South Australia v Commonwealth is a decision of the High Court of Australia that established the Commonwealth government's ability to impose a scheme of uniform income tax across the country and displace the State. It was a major contributor to Australia's vertical fiscal imbalance in the spending requirements and taxing abilities of the various levels of government, and was thus a watershed moment in the development of federalism in Australia.
Facts
In 1942, during the Second World War, the Commonwealth government needed extra revenue for the war effort. At the time, income taxes were levied at both the State and federal level. The Commonwealth requested the States to transfer their taxing powers for the duration of the war to allow one uniform national incometax system, with grants given back to the states to compensate for the lost revenue. Doubting that the powers would be returned, the states rejected the request. In response, the Commonwealth moved to occupy the field unilaterally. As s51 of the Constitution only allows the Commonwealth to impose federal taxation for federal purposes, it could not cover the field of taxation with any law. Nevertheless, the Commonwealth introduced a uniform income tax through an intricate scheme of four pieces of legislation.
The Income Tax Act 1942, raised income tax levels to the existing state levels, setting it at such a rate that made it politically impossible for states to impose their own income taxes.
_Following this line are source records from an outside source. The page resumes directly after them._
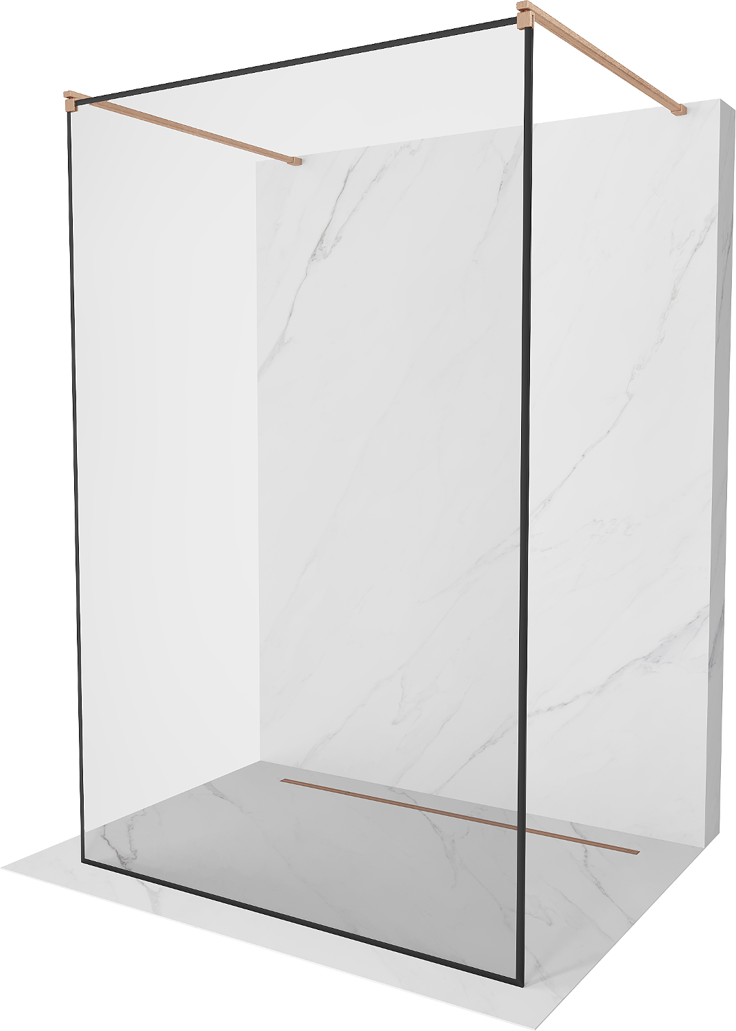 Mexen Kioto perete de duș independent 130 x 200 cm, ramă neagră 8 mm, cupru periat - 800-130-002-65-70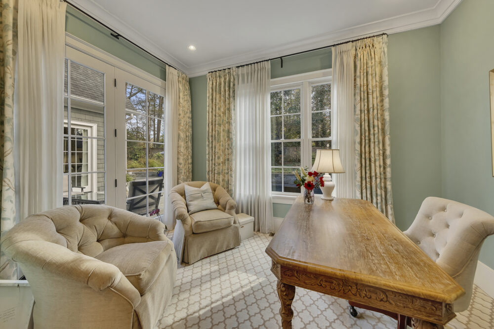 Offers direct access to the pool and patio area, plus a den with grand piano, formal living room, chef’s kitchen, dedicated office, and the primary master suite. With the main bedroom and primary amenities located on this level, minimal stairs are required, making it more accessible for guests with mobility considerations.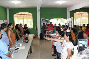 En su mensaje, la funcionaria expresó que “está es la primera comunidad en la que iniciamos un proceso de capacitación, de los 25 talleres que, se llevarán a cabo a nivel comunitario, municipal y regional, los cuales llegarán a 16 municipios culminando con un taller estatal.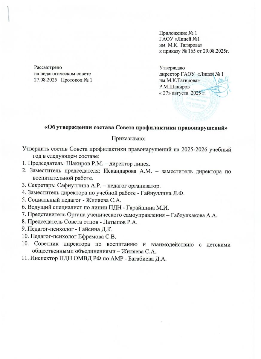 Приказ об утверждении состава совета профилактики правонарушений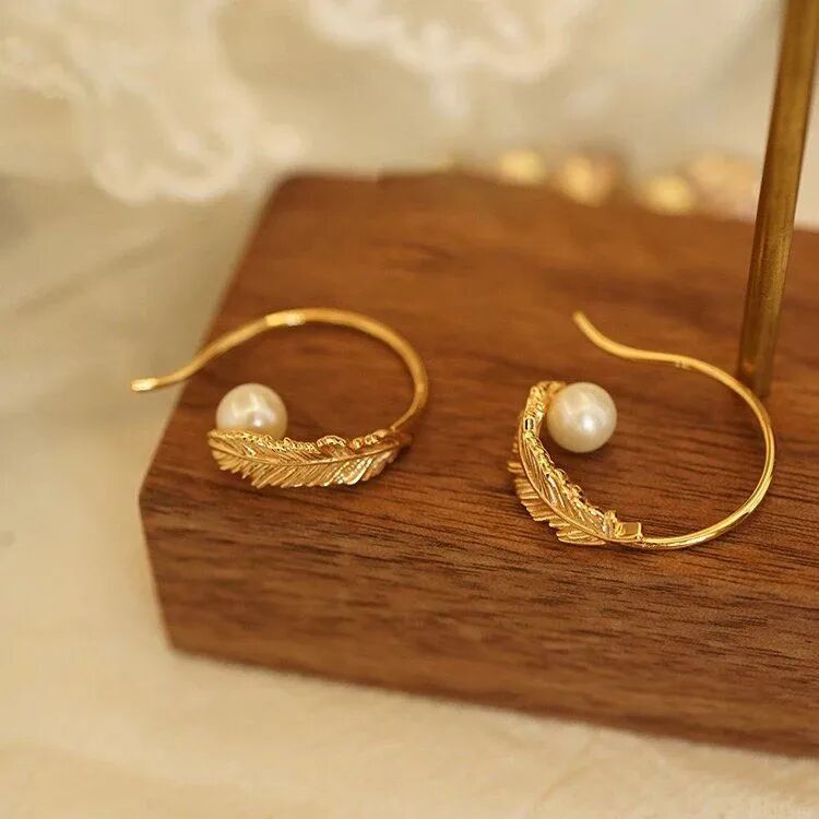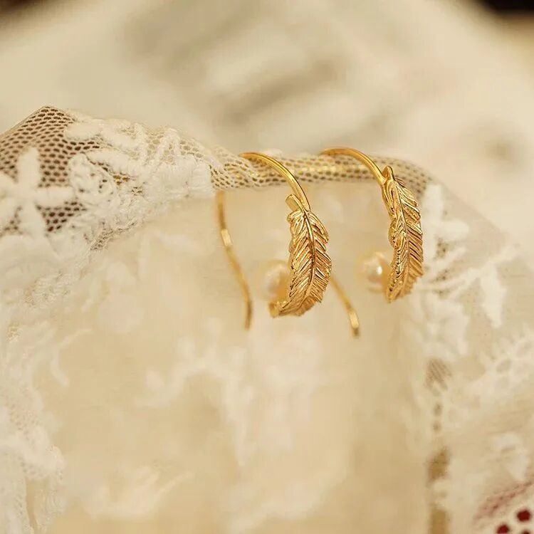 羽毛上还有一颗圆润的珍珠点缀,是不是很像优雅的天鹅在水中游泳,水珠沾到细腻的羽毛上。珍珠的存在提升了视觉点,强化了耳饰的存在感。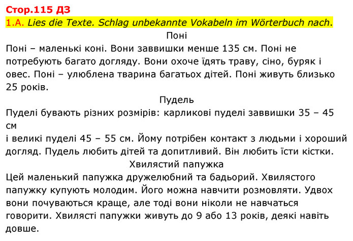 1.A. Lies die Texte. Schlag unbekannte Vokabeln im Wörterbuch nach. Поні Поні – маленькі коні. Вони заввишки менше 135 см. Поні не потребують багато догляду. Вони охоче їдять траву, сіно, буряк і овес. Поні – улюблена тварина багатьох дітей. Поні живуть близько 25 років. Пудель Пуделі бувають різних розмірів: карликові пуделі заввишки 35 – 45 см і великі пуделі 45 – 55 см. Йому потрібен контакт з людьми і хороший догляд. Пудель любить дітей та допитливий. Він любить їсти кістки. Хвилястий папужка Цей маленький папужка дружелюбний та бадьорий. Хвилястого папужку купують молодим. Його можна навчити розмовляти. Удвох вони почуваються краще, але тоді вони ніколи не навчаться говорити. Хвилясті папужки живуть до 9 або 13 років, деякі навіть довше.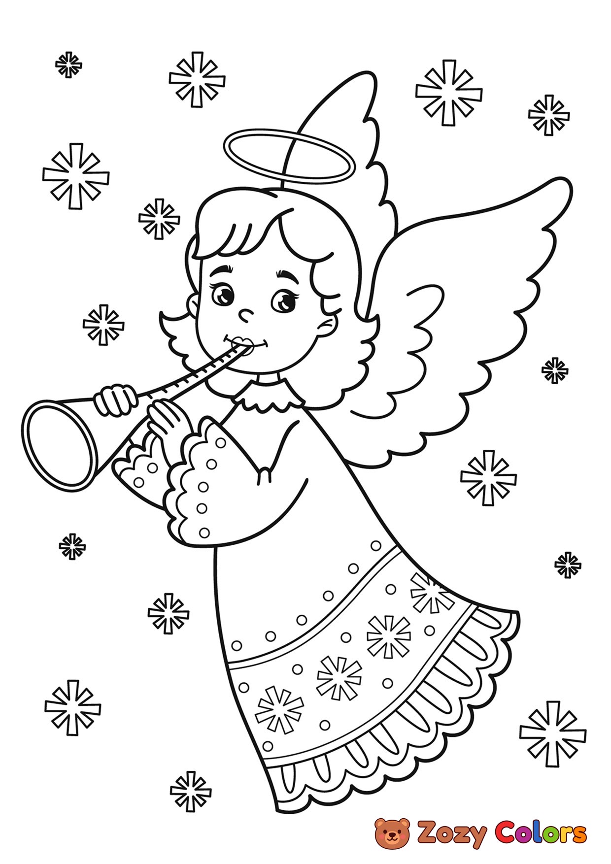 Christmas angel playing flute. Coloring page to print or download and color for your kids.

The amount raised was enough to cover the war effort and grants for the states
The States Grants Act 1942, provided a grant for each state equal to what it would have raised on its own income tax, on the condition that it did not raise its own income tax
Section 221 of the Income Tax Assessment Act 1942, required taxpayers to meet their Commonwealth tax liabilities before state tax liabilities
the Income Tax Act 1942, required that the states transfer to the Commonwealth all state staff, offices, furniture and records used to collect income tax
The High Court held the laws were valid, despite the practical result being the inability of the states to impose income tax. The Income Tax Act 1942, was held to be valid despite the fact the rate was so high as to preclude the states from imposing income tax. As taxation is a non-purposive power, regardless of the object of the law, the subject matter was taxation, and hence valid under section 51 of the Constitution. The States Grants Act 1942, was held to be valid, despite its coercive effect. The Commonwealth can use the section 96 grants power to induce a state to exercise its own powers as well as abstain from using its powers. Hence the Commonwealth can do such things to encourage or discourage a state from exercising its powers, which are technically not coercion. Indirect compulsion is constitutional. While the Act made it almost impossible for the States to continue taxing, Chief JusticeJohn Latham noted that the states still had the choice not to accept Commonwealth grants. Justice Edward McTiernan also considered the Act valid under the defence power. Section 221 of the Income Assessment Act 1942, was held to be valid pursuant to section 51 or was at the least valid under the implied incidental power. The subject matter of the law and the purpose of the law were both with respect to matters of taxation. McTiernan justified this section as valid under the defence power. The Income Tax Act 1942, was upheld by a majority under the defence power.
Aftermath
The decision in relation to section 221 of the Income Assessment Act 1942 was subsequently overturned by the High Court in the Second Uniform Tax case.